It is finally that time of the year again for Georgia hunters. Firearms deer season opens Saturday, Oct. 16 and lasts through Jan. 1, 2011 in the Northern Zone and in the Southern Zone, through Jan. 15, 2011.

“Regulated hunting is the most cost effective and efficient means of managing the deer herd,” says John W. Bowers, assistant chief of Game Management for the Wildlife Resources Division. “In addition, sportsmen and women provide more than $30 million each year to fund wildlife conservation in the state through license fees and self-imposed excise taxes collected on the purchase of firearms, ammunition, archery equipment and fishing equipment.”

More than one million acres of public hunting land is available to hunters in Georgia, including more than 100 state-operated wildlife management areas.  In addition to traditional hunters, many special hunts are offered, including ladies-only and adult/child hunts. Dates and locations for these hunts, as well as WMA maps, are available in the 2010-2011 Georgia Hunting Seasons and Regulations guide .

During the 2009-2010 firearms deer season, 305,000 licensed hunters harvested more than 398,000 deer in Georgia.

Hunters are allowed a season total of ten antlerless deer and two antlered deer (one of the two antlered deer must have a minimum of four points, one inch or longer, on one side of the antlers).
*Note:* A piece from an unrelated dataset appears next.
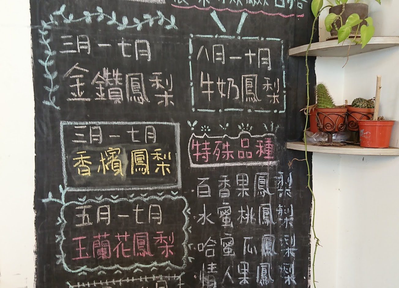 算是一個不錯的中途休息站, 也有好的產品。 但就是室內蒼蠅多了些, 鳳梨田 看不出來有什麼, 靠旁邊可愛的 貓咪插圖跟留言板取勝 …

A valid hunting license is required to hunt deer during firearms season, as is a big game license and a deer harvest record. In most cases, a separate WMA license is required to hunt on a WMA. All deer hunters must wear at least 500 square-inches of fluorescent orange above the waist to legally hunt during firearms season, except on archery-only areas.

Georgia is considered the top destination in the country for non-resident hunters and continues to draw tens of thousands of hunters from across the country each year. The state’s quality deer herd and the availability of vast acres of public hunting land serve as the main appeal.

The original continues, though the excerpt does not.